Comment 15 senaik 2014-06-17 05:44:46 UTC

Doc bug raised to track the Known issue BZ 1109150. Lowering the severity of this bug. 

As discussed with the developers, raised another BZ 1110119 to track the issue of glusterd crash as mentioned in Comment 13.

Comment 16 Shalaka 2014-06-18 05:57:38 UTC

Please add doc text for this known issue.

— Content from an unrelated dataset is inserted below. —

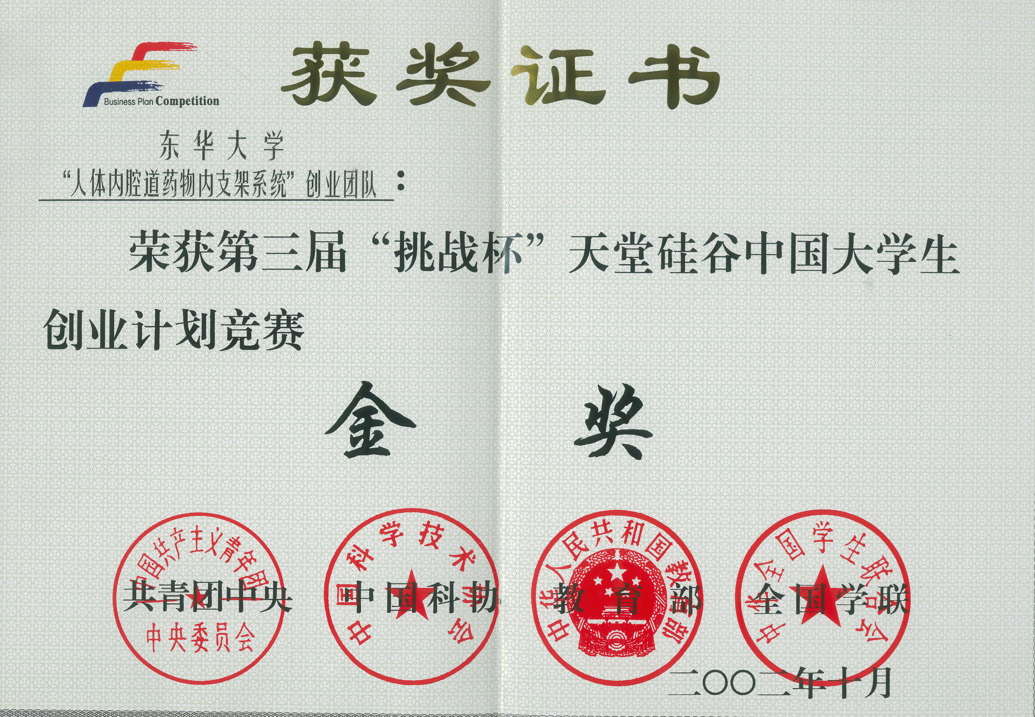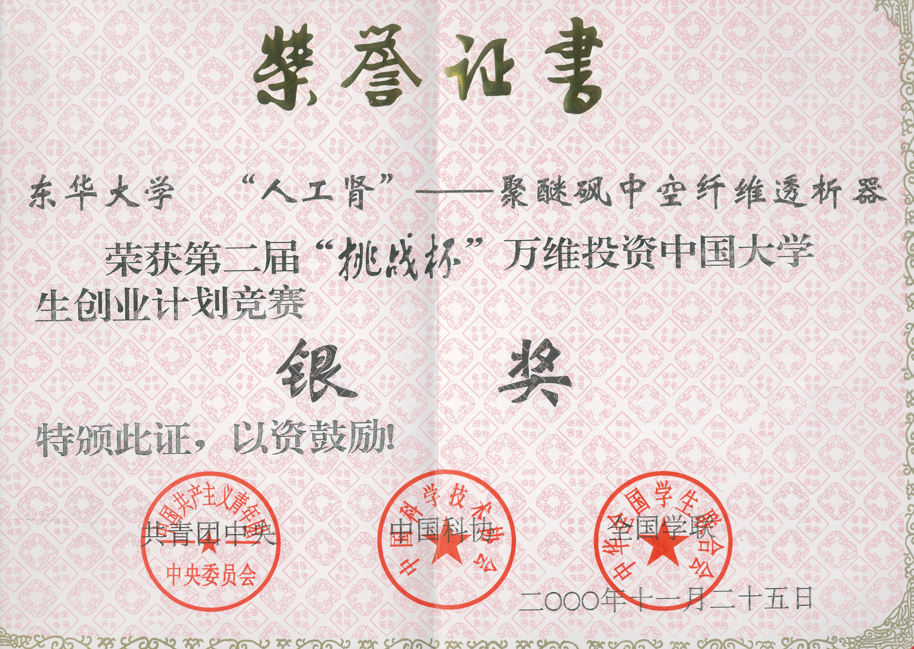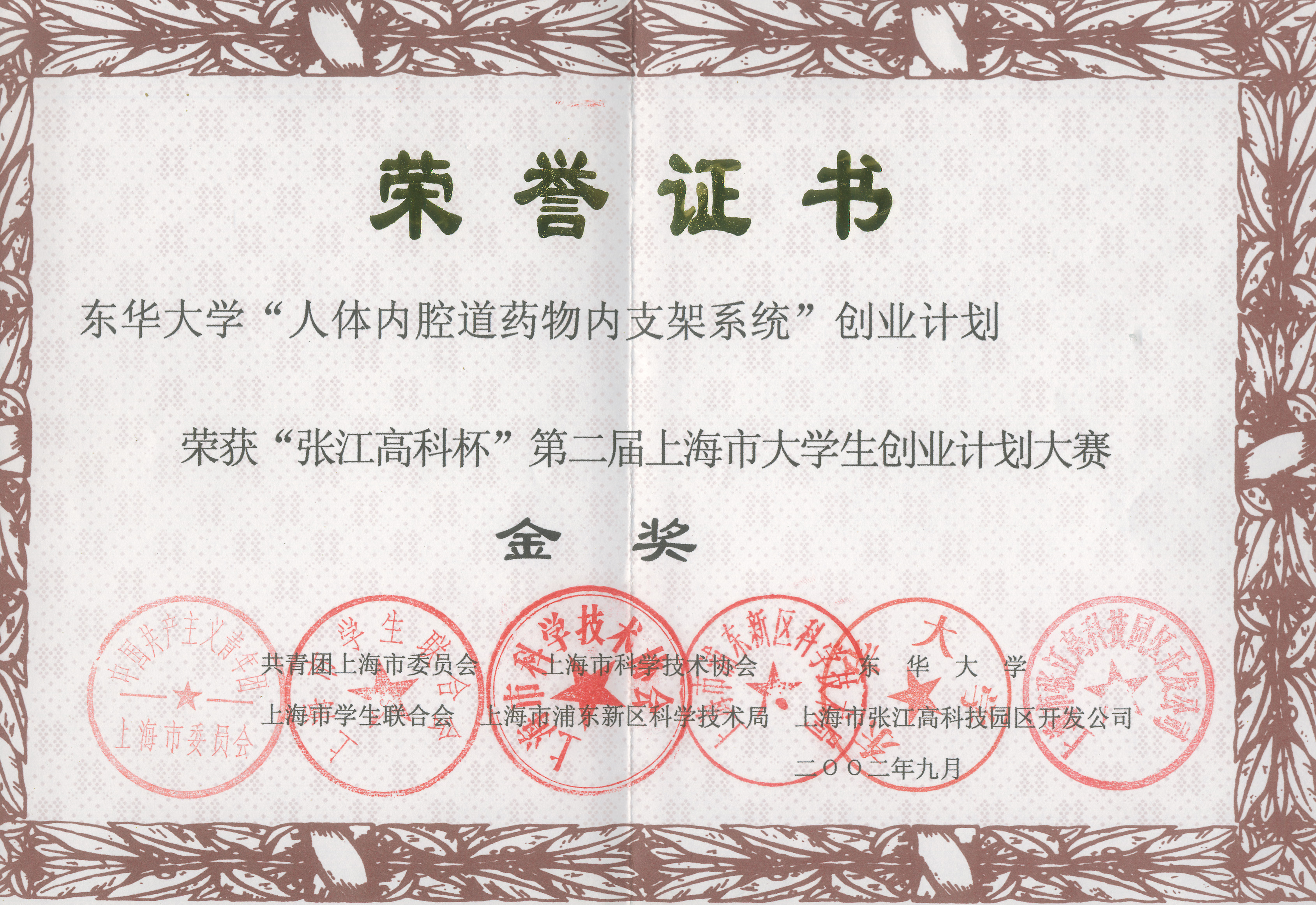 |  | 2003年,侯淼斌等同学的作品《对当前我国地方企业信用体系建设的实证性研究》获得第八届“挑战杯”全国大学生课外学术科技作品竞赛三等奖。 | |  | 2003年,“赛润”医用材料有限公司创业团队荣获“张江高科杯”第二届上海市大学生创业计划大赛银奖。 | |  | 2002年,赛润医用材料有限公司创业团队荣获第三届“挑战杯”天堂硅谷中国大学生创业计划竞赛铜奖。 | |  | 2002年,绿源草坪有限公司创业团队荣获第三届“挑战杯”天堂硅谷中国大学生创业计划竞赛金奖。 | |  | 2002年,“绿源草坪有限公司创业团队”荣获“张江高科杯”第二届上海市大学生创业计划大赛铜奖。 | |  | 2002年,人体内腔道药物内支架系统创业团队荣获第三届“挑战杯”天堂硅谷中国大学生创业计划竞赛最佳表现团队奖。 | |  | 2002年,“人体内腔道药物内支架系统”创业团队荣获第三届“挑战杯”天堂硅谷中国大学生创业计划竞赛金奖。 | |  | 2002年,“人体内腔道药物内支架系统”创业计划荣获“张江高科杯”第二届上海市大学生创业计划大赛金奖。 | |  | 2000年,“人工肾”——聚醚砜中空纤维透析器荣获第二届“挑战杯”万维投资中国大学生创业计划竞赛银奖。 | |  | 2000年,富光绿色照明有限责任公司(团队)荣获“张江杯”上海市大学生创业计划大赛金奖。 | |  | 2000年,熔融法生产PAN基碳纤维(团队)荣获“张江杯”上海市大学生创业计划大赛银奖。 | |  | 2000年,熔融法生产PAN基碳纤维荣获第二届“挑战杯”万维投资中国大学生创业计划竞赛银奖。 |

Comment 17 Vijaikumar Mallikarjuna 2014-06-18 06:05:07 UTC

Doc text added

Comment 21 Atin Mukherjee 2015-12-30 09:08:21 UTC

When this bug was raised at that time multi-threaded epoll support was not in place, we had to turn off ping timer to get rid of this problem. However still ping timer is not enabled between GlusterDs due to some issues seen in BZ 1259992. Once we identify the root cause of the same and fix it, multi threaded epoll support with ping timer enabled can be brought in back and then this bug can be verified.

Moving the bug from ateam to gabbar as test cases coverage belongs to snapshot.

Comment 22 Avra Sengupta 2016-01-29 13:23:10 UTC

Current Gluster architecture does not support implementation of this feature. Therefore this feature request is deferred till Gluterd 2.0.